*** Supplied information Section Begins ***

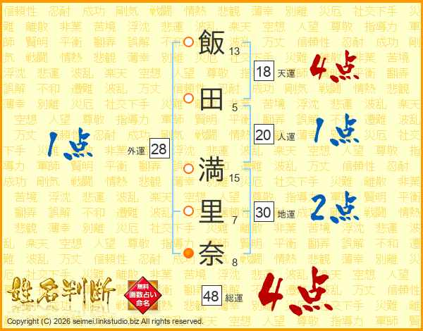 飯(13画)田(5画) 満(15画)里(7画)奈(8画)
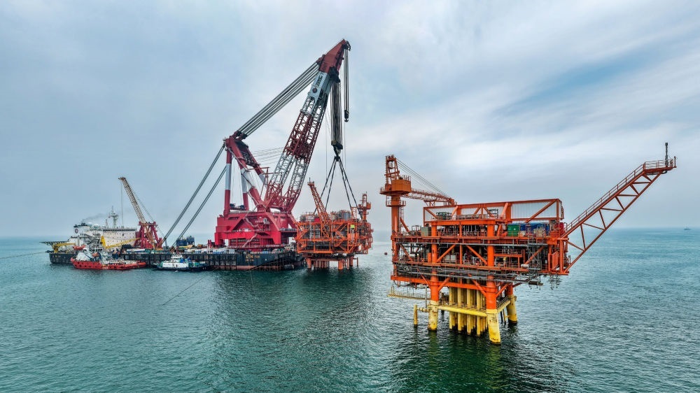 9月8日,墾利6-1油田10-1北區(qū)塊Ⅱ期開發(fā)項(xiàng)目油氣平臺在渤海海域完成海上安裝(無人機(jī)照片)。新華社發(fā)(杜鵬輝 攝)
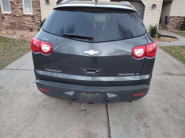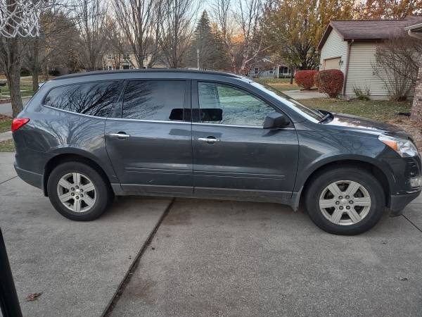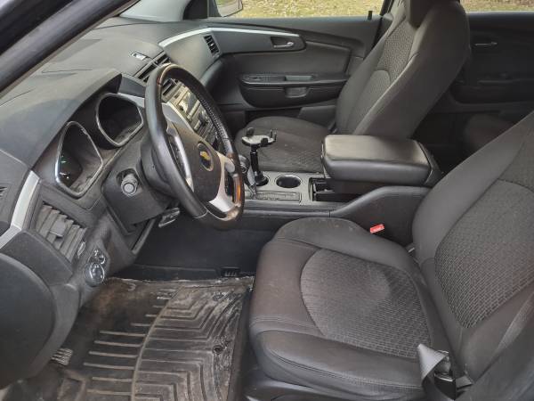 2011 Chevy Traverse has been my daily driver for the past 10 years. AWD is very nice, especially on winter roads. Engine died at 156xxx miles and was replaced with a re-manufactured engine in spring of 2022 and has run smoothly since. Overall in good condition; pictures show scrapes and scratches and condition of interior. A few minor issues: Tire light is on because the tire monitoring system doesn't work. Rear window wiper doesn't work but defrost does. $3600 or best offer
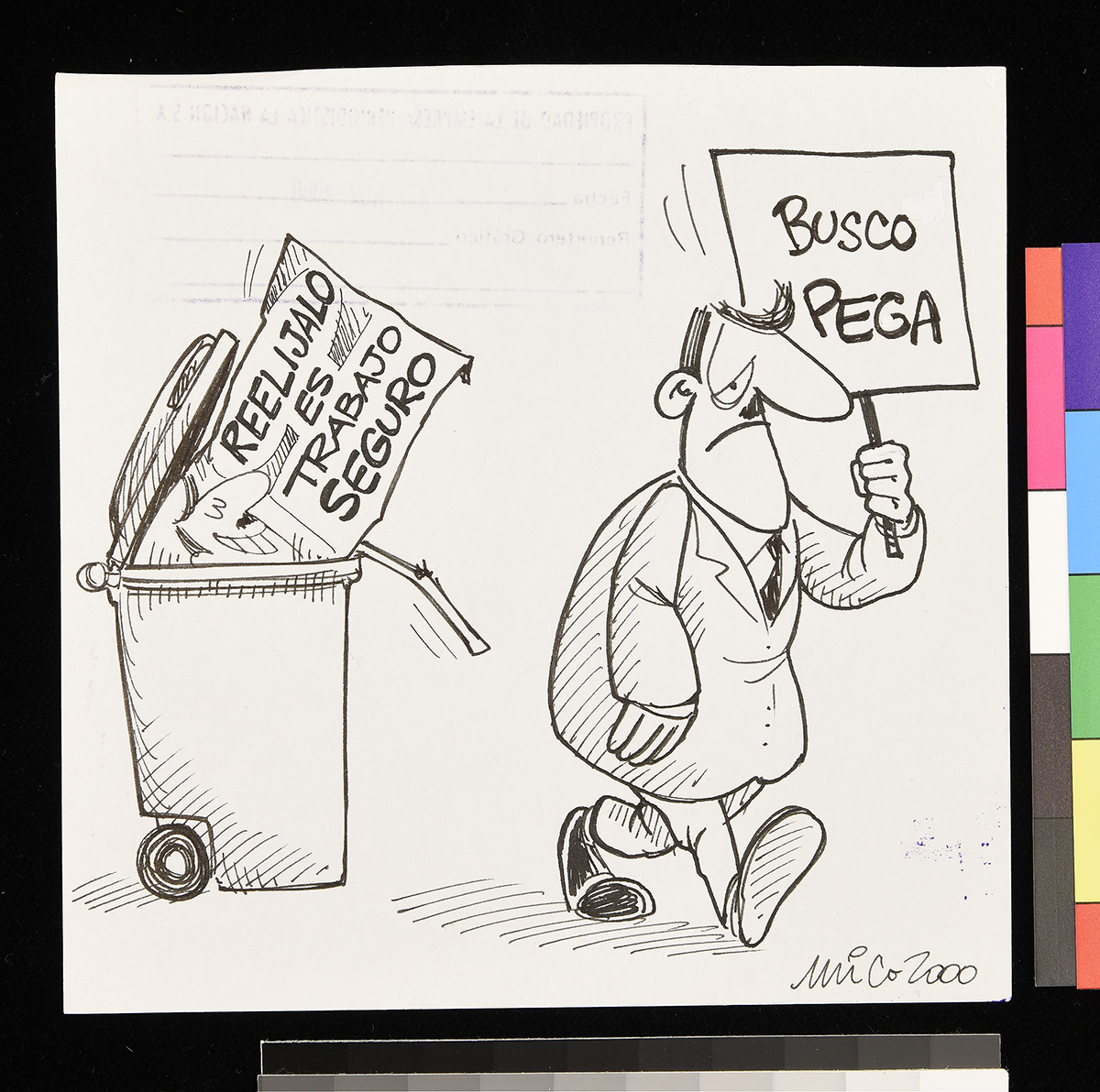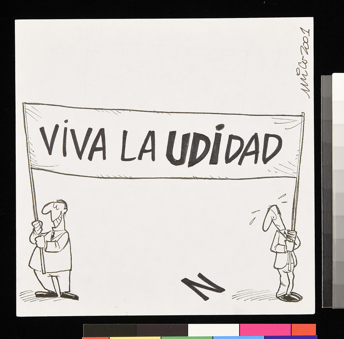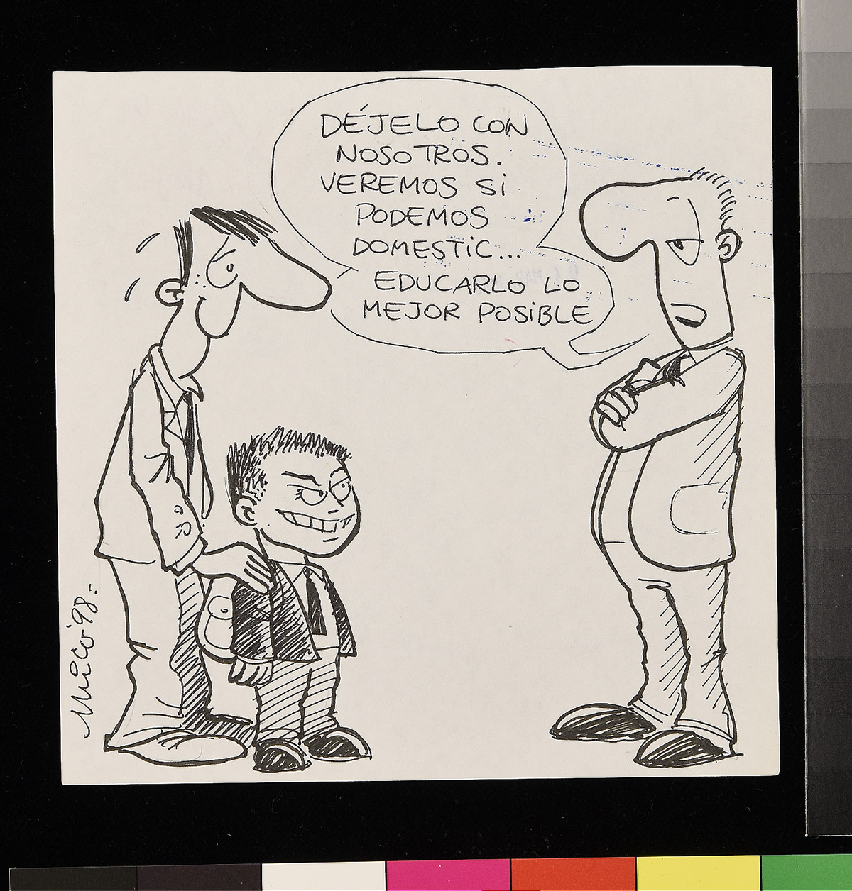 DIbujo de un hombre y una mujer conversando frente a frente. El hombre lee un periódico que sostiene con sus manos.
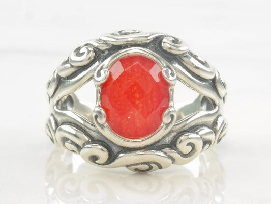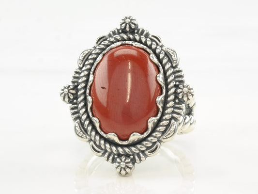 Vintage Native American Silver Ring Coral Floral Sterling Red Size 9 1/4
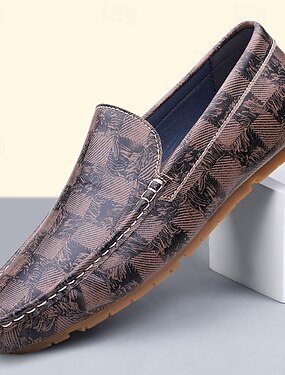 mocassini da guida da uomo marroni stampati, scarpe slip-on casual leggere e comode per l'uso quotidiano, la guida, i viaggi, gli outfit del fine settimana, l'ufficio e lo stile smart casual da gentiluomo
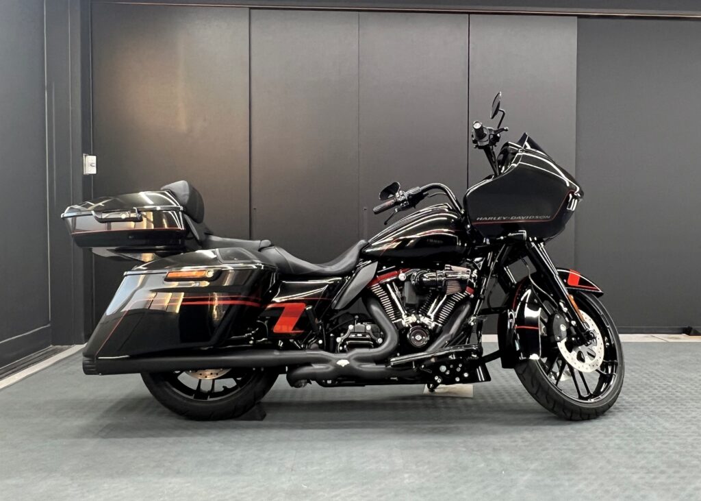 2018年の HARLEY-DAVIDSON CVO FLTRXSE ロードグライド は、ハーレーダビッドソンの最上級ライン「CVO(Custom Vehicle Operations)」に属するプレミアムツーリングモデル。CVOは工場出荷の時点でカスタム仕様となっており、専用の大排気量エンジン、特別塗装、豪華装備が与えられるのが特徴です。
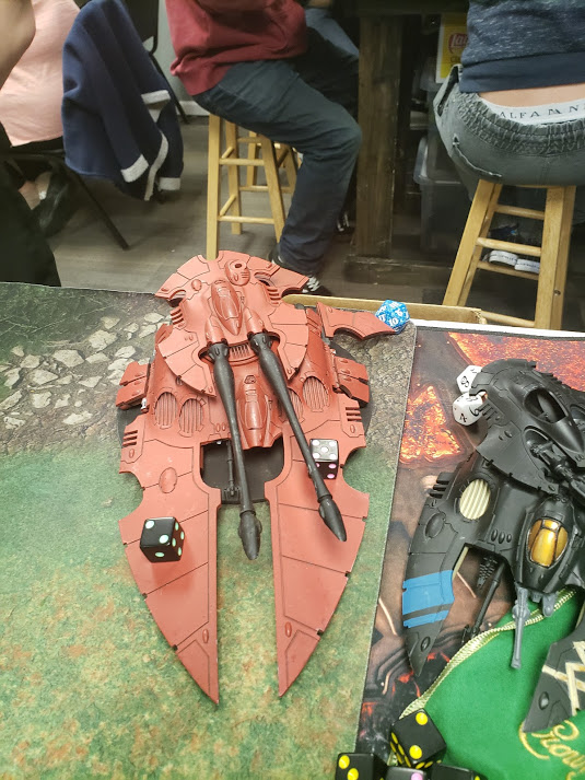 Dark Talons Strike! One threat down.His turn was flying forward, Jinxing my invul save aircraft, then lining up his flamer for auto hits on the exposed center aircraft. Another Wings prediction came true at this moment, his Wraithfighter shot 5 times into my Jinxed Dark Talon, wounded 5 times, and I failed every save taking 10 and crashing. The center aircraft was blown into tiny, itty-bitty pieces by the Scorpions relentless shooting. Then, in a move that gave me a breath of relief, he put his Exarchs into my Dark Shroud instead of my last plane, needing to use both to kill it thanks to the 4++ from Jink. His last Warp Hunter put its D6 auto hits of S10, -4 D6 dmg into the last plane. Rolling a 1, cp rerolling into another 1, doing only 2 damage onto the last Dark Talon. His line of sight shots went into snipers and scouts, low rolling the shots causing both to live.

*** Supplied information Section Ends ***

Word for word, restate the lines above from the first through the one that contains "2018年の HARLEY-DAVIDSON CVO", and exclude all pictures.

Response to this exercise:
 飯(13画)田(5画) 満(15画)里(7画)奈(8画)
 9月8日,墾利6-1油田10-1北區(qū)塊Ⅱ期開發(fā)項(xiàng)目油氣平臺在渤海海域完成海上安裝(無人機(jī)照片)。新華社發(fā)(杜鵬輝 攝)
 2011 Chevy Traverse has been my daily driver for the past 10 years. AWD is very nice, especially on winter roads. Engine died at 156xxx miles and was replaced with a re-manufactured engine in spring of 2022 and has run smoothly since. Overall in good condition; pictures show scrapes and scratches and condition of interior. A few minor issues: Tire light is on because the tire monitoring system doesn't work. Rear window wiper doesn't work but defrost does. $3600 or best offer
 DIbujo de un hombre y una mujer conversando frente a frente. El hombre lee un periódico que sostiene con sus manos.
 Vintage Native American Silver Ring Coral Floral Sterling Red Size 9 1/4
 mocassini da guida da uomo marroni stampati, scarpe slip-on casual leggere e comode per l'uso quotidiano, la guida, i viaggi, gli outfit del fine settimana, l'ufficio e lo stile smart casual da gentiluomo
 2018年の HARLEY-DAVIDSON CVO FLTRXSE ロードグライド は、ハーレーダビッドソンの最上級ライン「CVO(Custom Vehicle Operations)」に属するプレミアムツーリングモデル。CVOは工場出荷の時点でカスタム仕様となっており、専用の大排気量エンジン、特別塗装、豪華装備が与えられるのが特徴です。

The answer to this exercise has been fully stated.